Jaime Hammond (non-member)'s picture

I'm glad to read Fred's comments about the experience of new members. As a new member of SRRT and a very new Action Council member, I have often felt intimidated by the conversation on the listserv simply because I did not know the background of many of the conversations and worried that I would somehow make a mistake by contributing to the discussion. 

In person, at conference, was a different story. I am sorry that more SRRT members do not come to the AC meetings because I felt much more free to voice my opinion and ask questions. I can't say that the discrepancy between the two comes from anyone or anything other than myself, I'm just sharing my experience in case others find value in it. 

I've often felt lost in the heated debates about Cuba, the newsletter, and other issues that seem to have 40 years of backstory and personality conflicts woven into them, and I'm thinking that I'm not alone. I would love to see SRRT move forward as a leader in social rights and environmental issues in libraries. I'm interested to hear what more of the newer members have to say about their experiences.

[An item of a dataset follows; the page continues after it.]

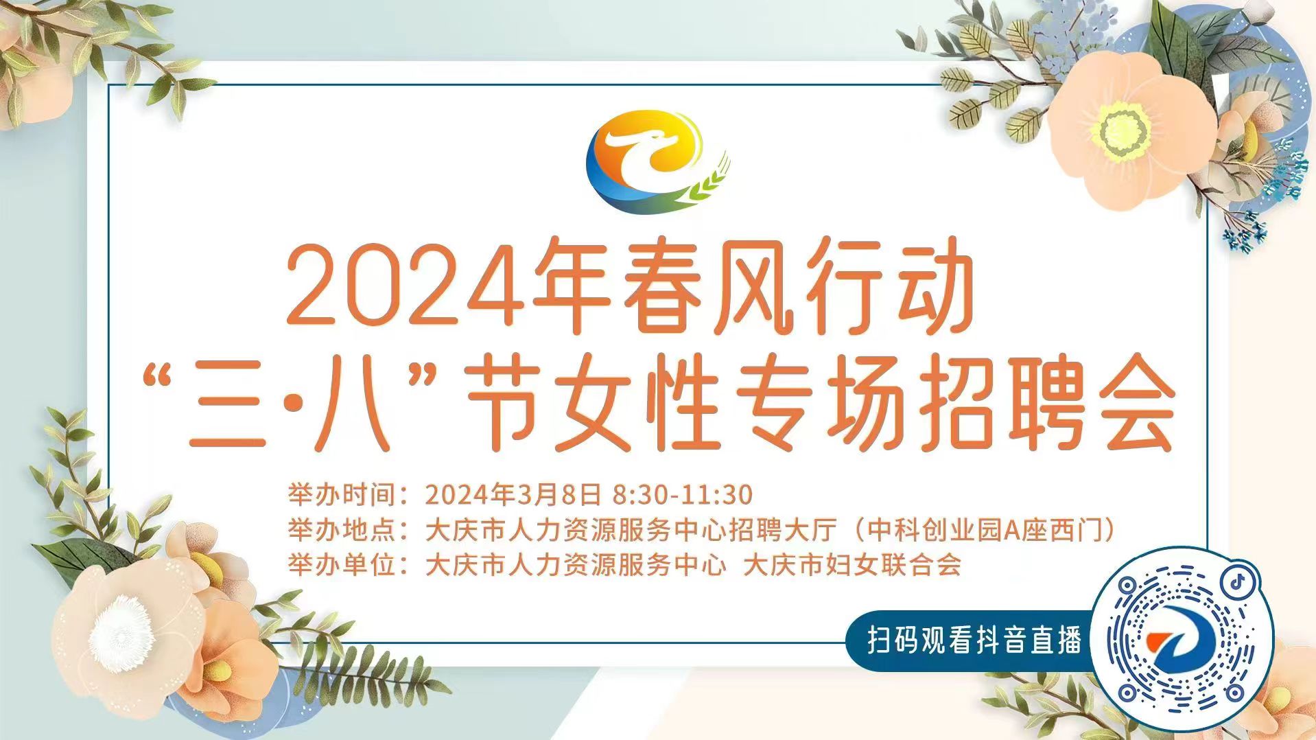 3月8日,大慶市人力資源服務(wù)中心與大慶市婦女聯(lián)系合會共同舉辦了2024年春風(fēng)行動”三八“節(jié)女性專場招聘會。

I don't hope to pit the new members against those who have longevity and the benefit of experience, I hope that we are able to find a better way to work together so that the new members are able to gain their own long term experience with SRRT.

 

Jaime Hammond

Action Council 2009-12

Robert Kent (non-member)'s picture

Re Jaime Hammond's comment that "I've often felt lost in the heated debates about Cuba," one of the main problems with SRRT discussions of this topic is that one side of the disagreement is often censored," as seen in the recent effort to prevent Steve Marquardt from publishing his view of the dispute in the most recent issue of the SRRT newsletter.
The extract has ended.